As for the National Projects Construction Corporation Limited (NPCC), the government has decided to disinvest 100 per cent of its shareholding through merger with a similarly-placed CPSE.
The government proposes to engage transaction advisor from a reputed professional consulting firm, investment and merchant bankers, financial institutions, banks and the like for providing advisory services and managing the disinvestment process.
Similarly, the government has sought applications for engagement of an advisor and a legal advisor for 100 per cent strategic disinvestment of Project Development India Ltd (PDIL) and Hindustan Prefab Ltd (HPL).

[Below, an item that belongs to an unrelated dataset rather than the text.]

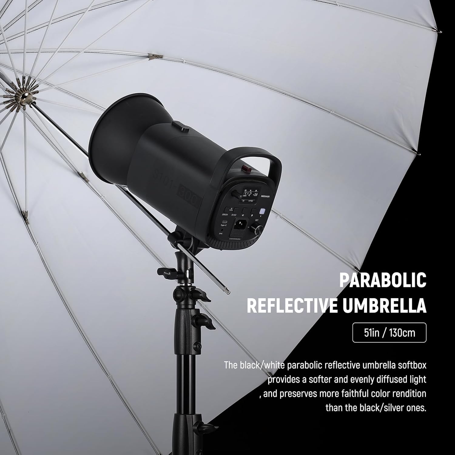 - 【51"/130cm Black/White Parabolic Reflective Umbrella】 This 51"/130cm deep parabolic umbrella softbox provides a softer and more evenly diffused light effect than the black/silver version, and preserves neutral color temperature for faithful color rendition. Perfect for group portraits or expansive landscapes. Its parabolic shapped design allow for a broader spread of light

The government has already given 'in-principle' approval to disinvestment of 100 per cent of its shareholding in both PDIL and HPL through strategic sale with transfer of management control, a public notice stated.
PDIL is into consultancy and engineering organisation, providing services for design, engineering and related project execution in fertiliser, oil and gas, refinery, chemical and infrastructure sector.
Set up in 1948, HPL was primarily manufacturing prefabricated housing units to provide shelter to the displaced persons from West Pakistan.
The government is looking at Rs 56,500 crore in disinvestment proceeds this fiscal. Of this, Rs 36,000 crore is to come from minority stake sale in PSUs and another Rs 20,500 crore from strategic stake sale.
The fiscal target continues to be a long way off with total collections of about Rs 24,000 crore in the nine months of the financial year so far.
Incidentally, the first strategic sale in a PSU also happened under the NDA rule in 1999-2000 when the government offloaded 74 per cent equity in Modern Food Industries to Hindustan Lever for Rs 105.45 crore.
Pawan Hans is a joint venture where state-owned ONGC holds 49 per cent.